• Provided material:
★ ★ ★ ★
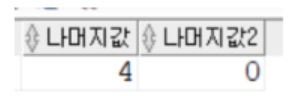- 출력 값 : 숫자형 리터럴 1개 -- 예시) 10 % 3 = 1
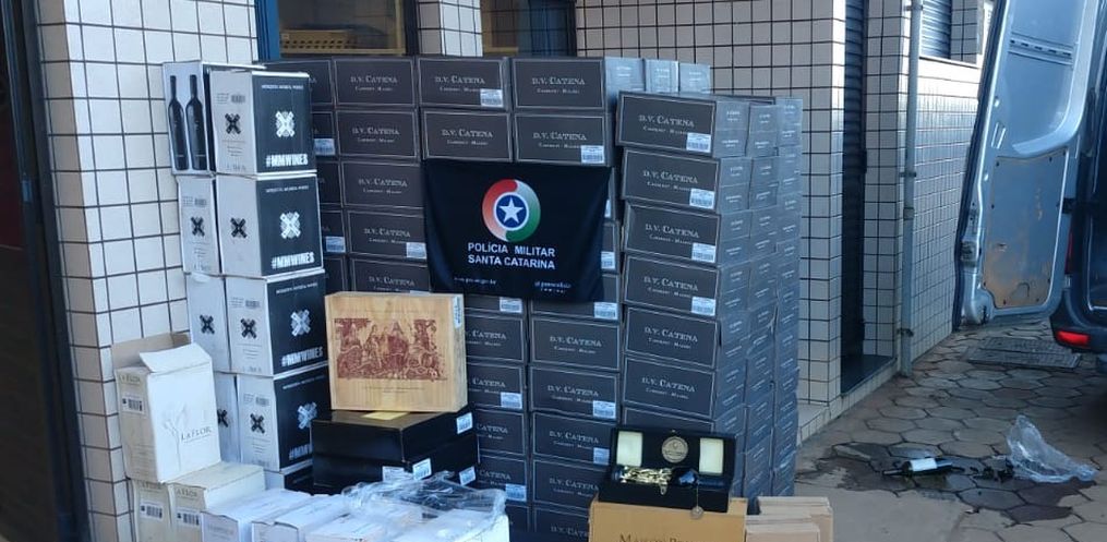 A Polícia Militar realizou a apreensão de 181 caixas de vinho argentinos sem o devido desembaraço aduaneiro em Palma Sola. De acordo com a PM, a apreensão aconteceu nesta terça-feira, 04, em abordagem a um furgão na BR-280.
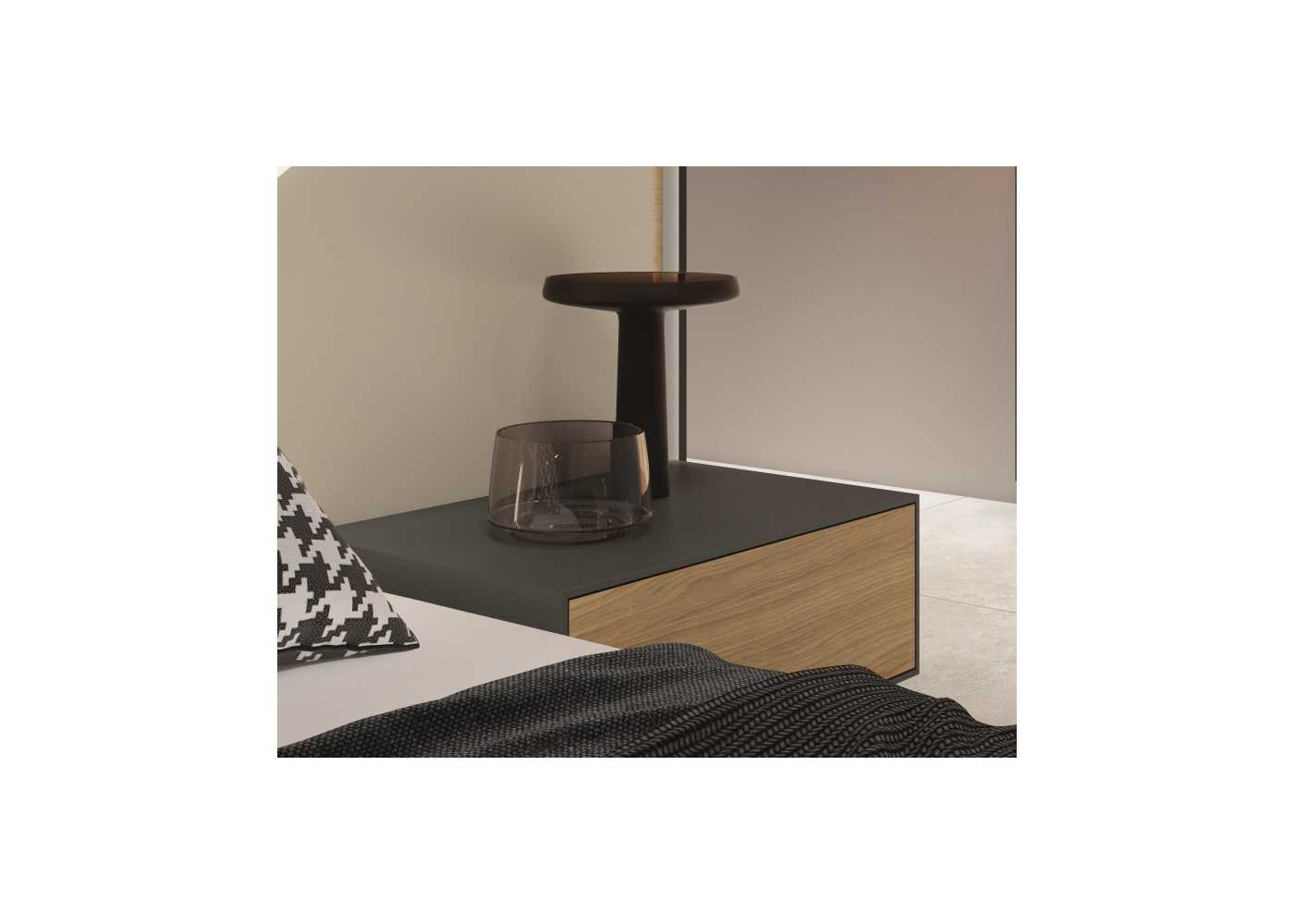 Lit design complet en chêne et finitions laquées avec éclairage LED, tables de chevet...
★ ★ ★ ★
• Work to be completed: Quote the material exactly. Pictures stay out.

• Your solution:
- 출력 값 : 숫자형 리터럴 1개 -- 예시) 10 % 3 = 1
 A Polícia Militar realizou a apreensão de 181 caixas de vinho argentinos sem o devido desembaraço aduaneiro em Palma Sola. De acordo com a PM, a apreensão aconteceu nesta terça-feira, 04, em abordagem a um furgão na BR-280.
 Lit design complet en chêne et finitions laquées avec éclairage LED, tables de chevet...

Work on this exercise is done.